Kötü amaçlı yazılımlardan kaçınmak için şu adımları izleyin:
- Anti-virüs yazılımınızın güncel ve çalışır durumda olduğundan emin olun. Çevrimiçi olarak sunulan ücretsiz olanları seçmek yerine her zaman birinci sınıf anti-virüs yazılımı kullanın.
- İşletim sisteminizi her zaman en son güvenlik yamalarıyla güncel tutun. Ayrıca, işletim sistemi güvenlik duvarınızın etkin olduğundan emin olun.
- Kötü niyetli olabileceğinden şüphelendiğiniz e-postalardaki bağlantılara tıklamayın veya ekleri açmayın.
- Dosyaları paylaşırken dikkatli olun ve dosyaları paylaşmadan veya indirmeden önce taradığınızdan emin olun.
- Sizi yazılım indirmeye teşvik eden açılır pencerelere aşırı şüpheyle yaklaşmalısınız.

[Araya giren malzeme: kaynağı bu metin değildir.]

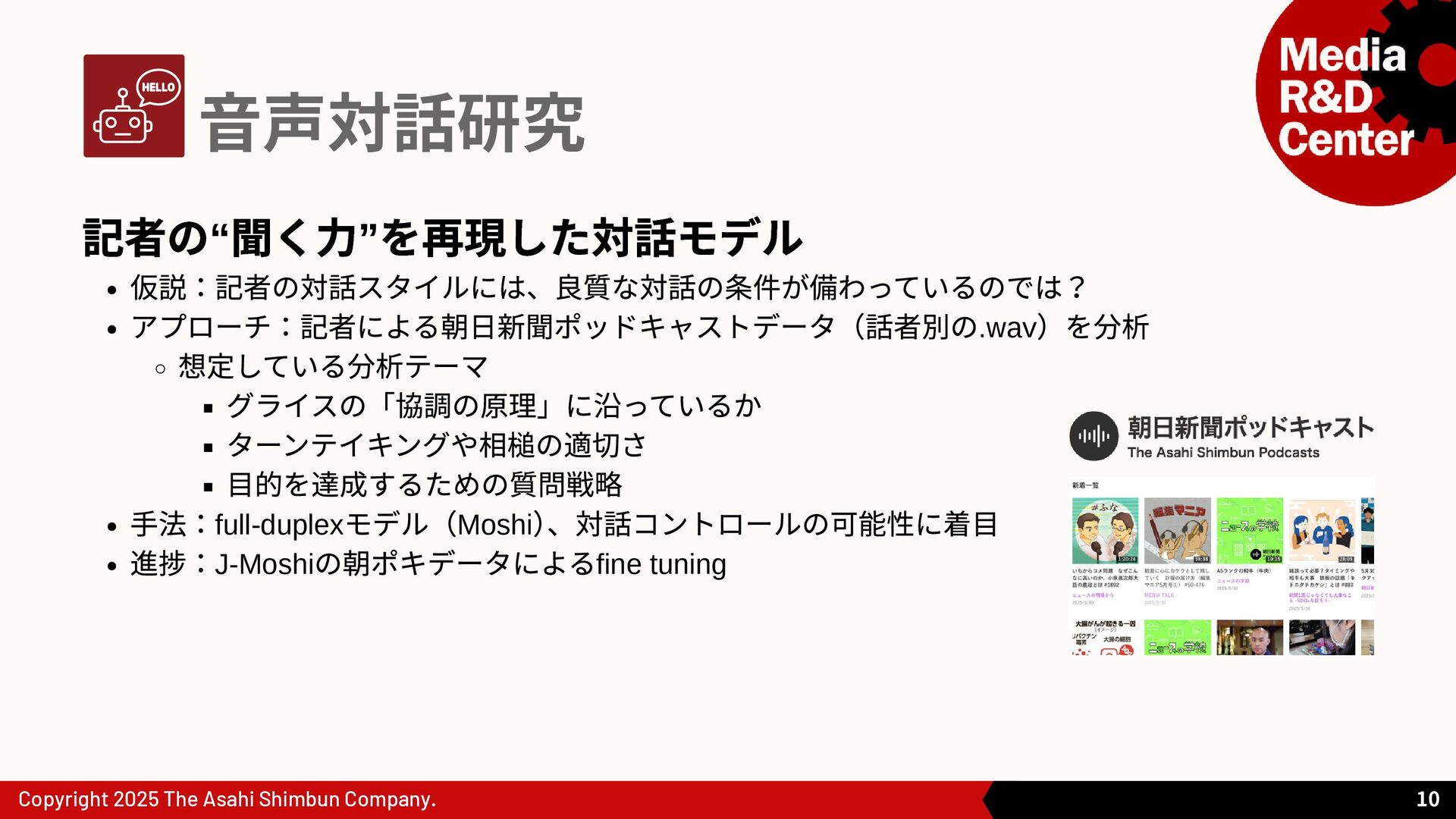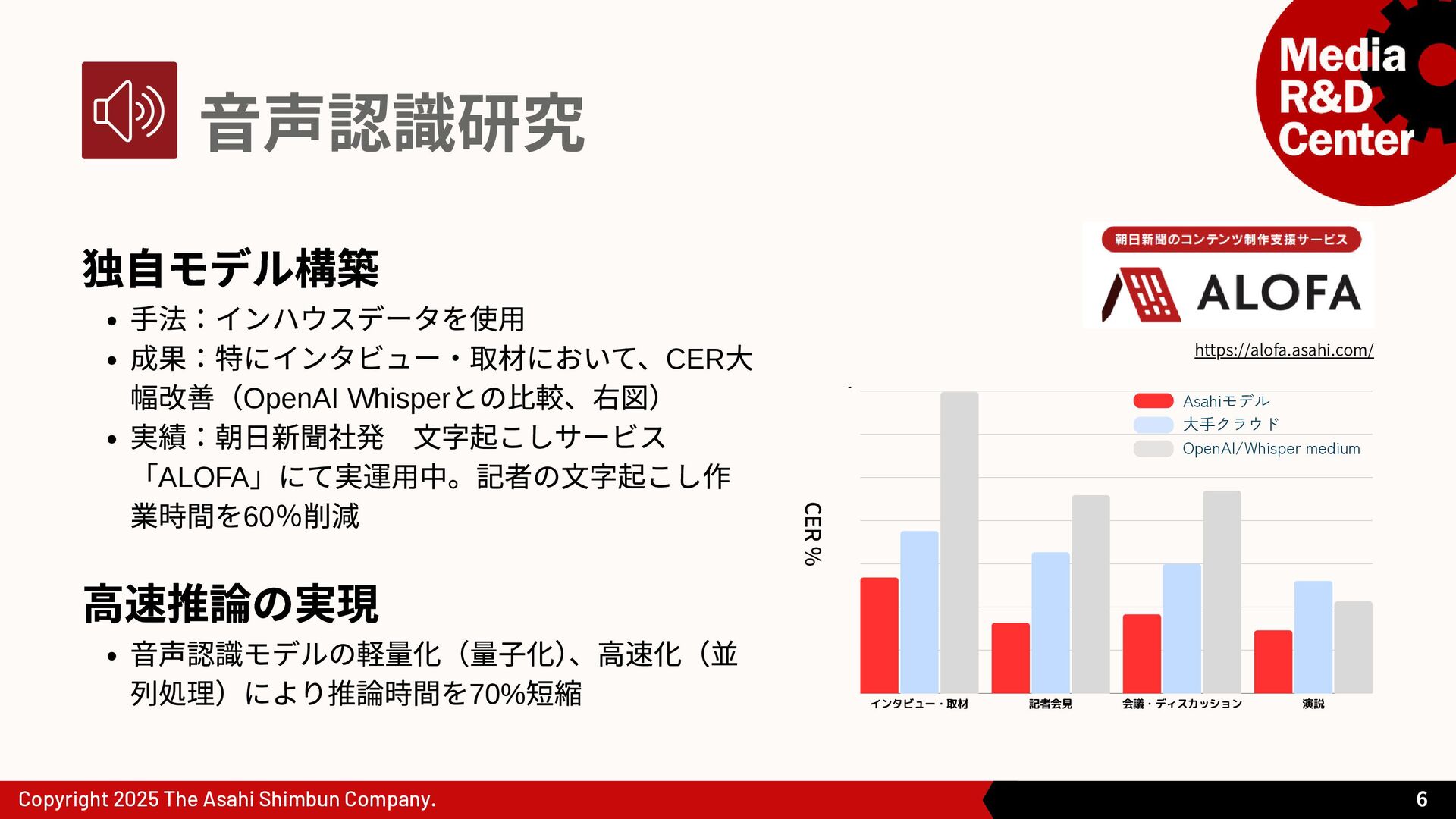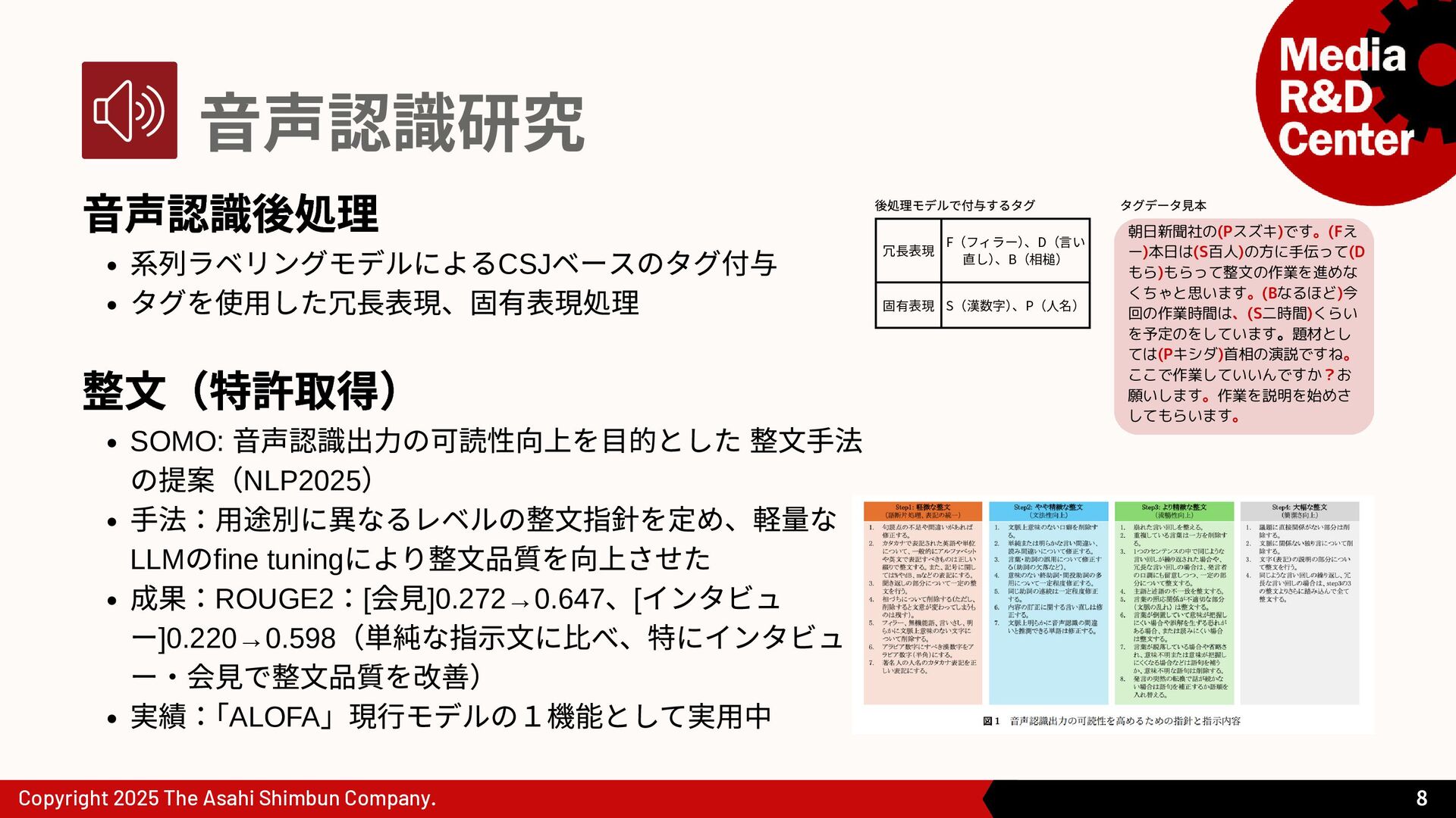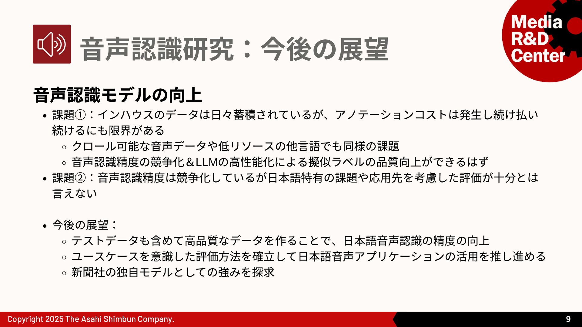 手法:用途別に異なるレベルの整文指針を定め、軽量な LLM のfine tuning により整文品質を向上させた 成果:ROUGE2 :[ 会見]0.272→0.647 、[ インタビュ ー]0.220→0.598 (単純な指示文に比べ、特にインタビュ ー・会見で整文品質を改善) 実績: 「ALOFA 」現行モデルの1機能として実用中 8 冗長表現 F(フィラー) 、D(言い 直し) 、B(相槌) 固有表現 S(漢数字) 、P(人名) 後処理モデルで付与するタグ 朝日新聞社の(Pスズキ)です。(Fえ ー)本日は(S百人)の方に手伝って(D もら)もらって整文の作業を進めな くちゃと思います。(Bなるほど)今 回の作業時間は、(S二時間)くらい を予定のをしています。題材とし ては(Pキシダ)首相の演説ですね。 ここで作業していいんですか?お 願いします。作業を説明を始めさ してもらいます。 タグデータ見本 音声認識研究 Copyright 2025 The Asahi Shimbun Company.
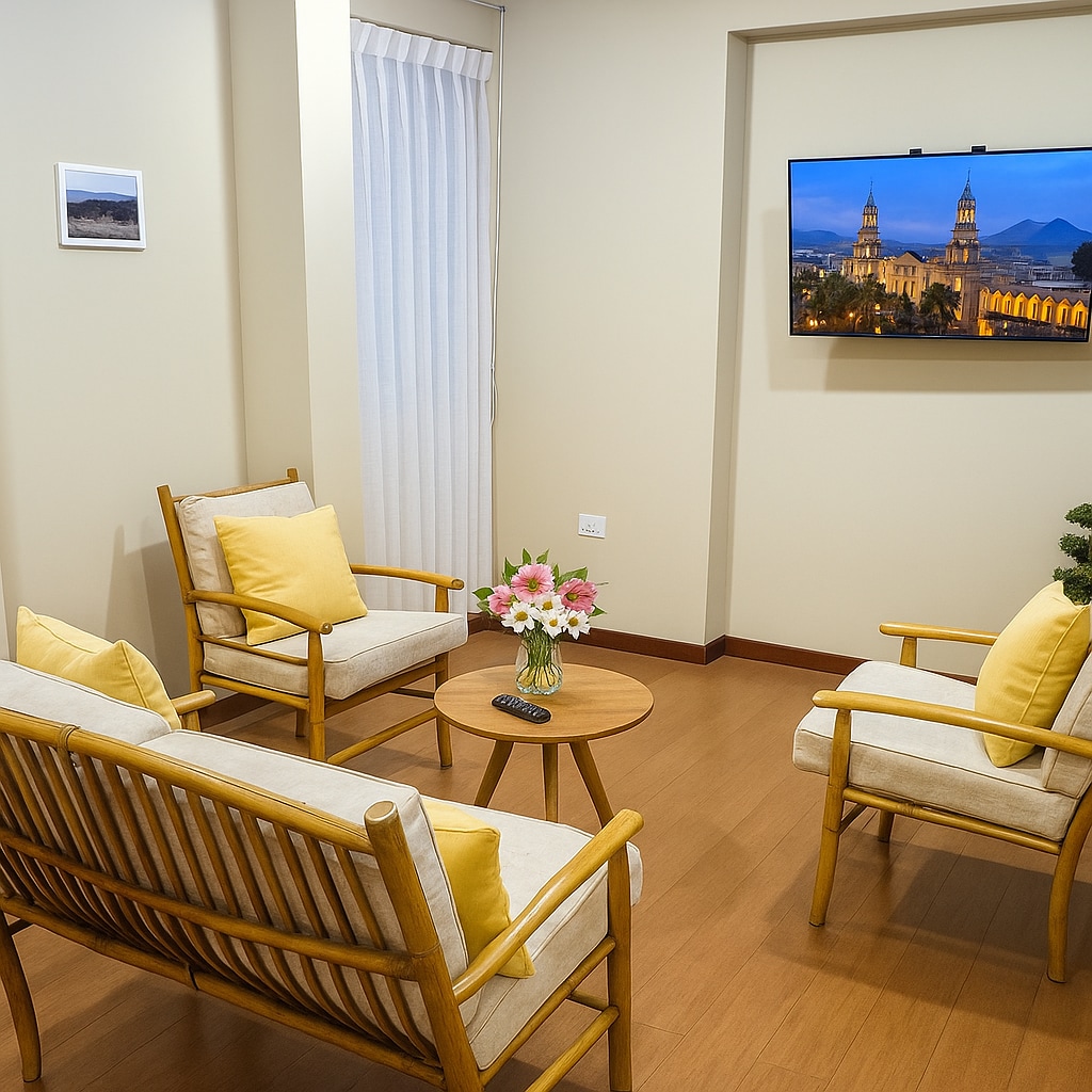 Disfruta de una estadía cómoda y moderna en nuestro acogedor departamento ubicado en el distrito de Cayma, una de las zonas más seguras y accesibles de Arequipa. Ideal para viajes de negocios, vacaciones en pareja o estadías cortas y largas.
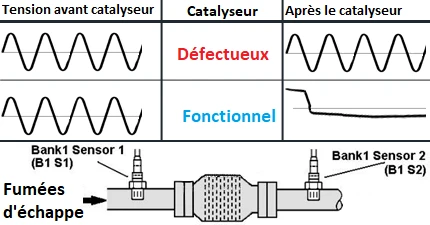 Pendant le fonctionnement normal du convertisseur catalytique, le signal de sortie de la sonde à oxygène passe lentement de l'état enrichi à l'état appauvri. Le passage fréquent de la sonde lambda d'un état à l'autre est une indication de la détérioration de l'efficacité du convertisseur catalytique. En conséquence, sa capacité à stocker l'oxygène est réduite.
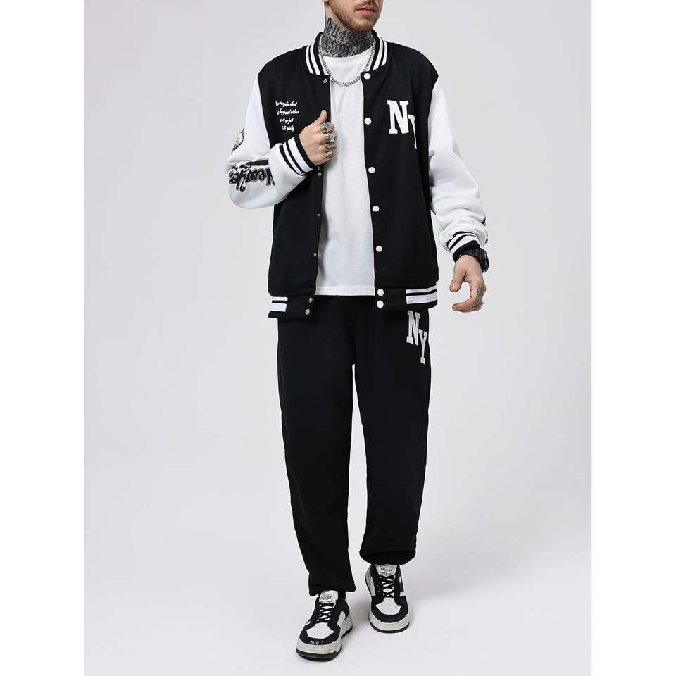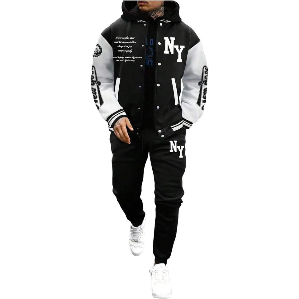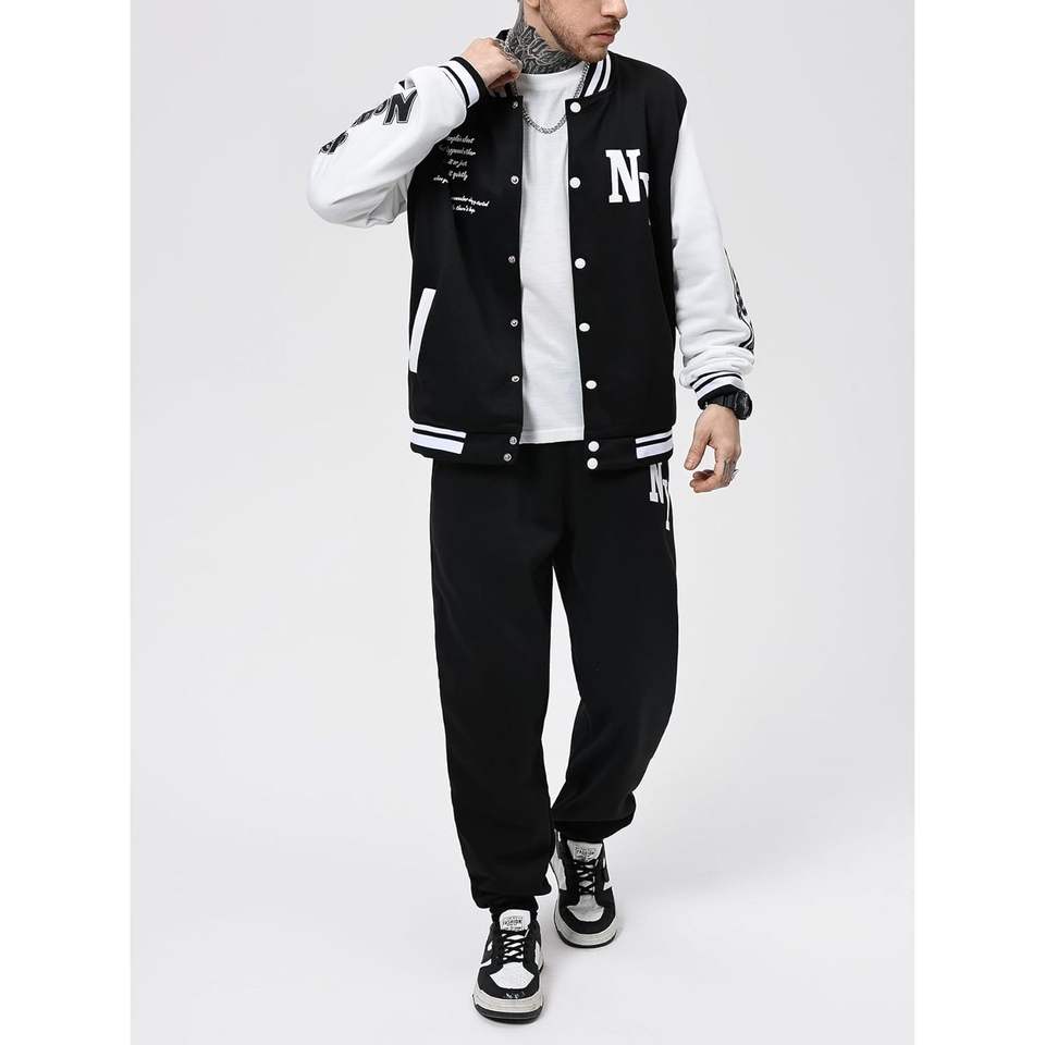 Ensemble de survêtement pour homme personnalisé, 2 pièces, veste et pantalon de style universitaire avec blocs de couleur et lettres graphiques, décontracté, respirant, manches longues

- Herkese açık Wi-Fi kullanmanız gerekiyorsa, çok dikkatli olun ve her zaman bir VPN kullanın.
Bir VPN Sizi Kötü Amaçlı Yazılımlardan Korur mu?
Bir VPN ve antivirüs yazılımı, benzersiz koruma seviyeleri sunar. Her ikisi de kapsamlı bir siber güvenlik planı için gereklidir. Birleşik etkilerine bakmanın bir yolu, güvenlik ve anonimliktir.
Bir VPN, çevrimiçi etkinliklerinizi meraklı gözlerden korur. Virüsten koruma ve diğer benzer koruma önlemleri, cihazlarınızı virüsler ve fidye yazılımları gibi kötü amaçlı yazılımlardan korur.
Şimdi hangisi daha etkili: VPN mi yoksa antivirüs programı mı?
Soruya cevap vermenin bir yolu yok. Sizi korudukları tehditlerin çeşitliliği nedeniyle hem antivirüs hem de VPN yazılımı gereklidir.
İnternette gezinirken kendinizi bir VPN ile izleme, ortadaki adam saldırıları, Wi-Fi gözetleme ve daha fazlasından koruyun. Kötü niyetli bir bağlantıya tıklarsanız, virüsten koruma yazılımınız hasarı kontrol altına almak için devreye girer.
Çözüm
Ne yazık ki, kötü amaçlı yazılımlara karşı korumalı bir uygulama yok. Durum böyle olsa da, mevcut kaynaklarda büyük yardım bulabilirsiniz. Örneğin bir güvenlik duvarı, zararlı verilerin sisteminize girmesini veya sisteminizden çıkmasını engeller. Kötü amaçlı yazılımların ortadan kaldırılmasına yardımcı olmak için bir virüsten koruma yazılımı kullanın. Ve bir VPN, kötü amaçlı yazılımların iletişim kurmasını önleyecek ve günün veya gecenin herhangi bir saatinde gizliliğinizi artıracaktır.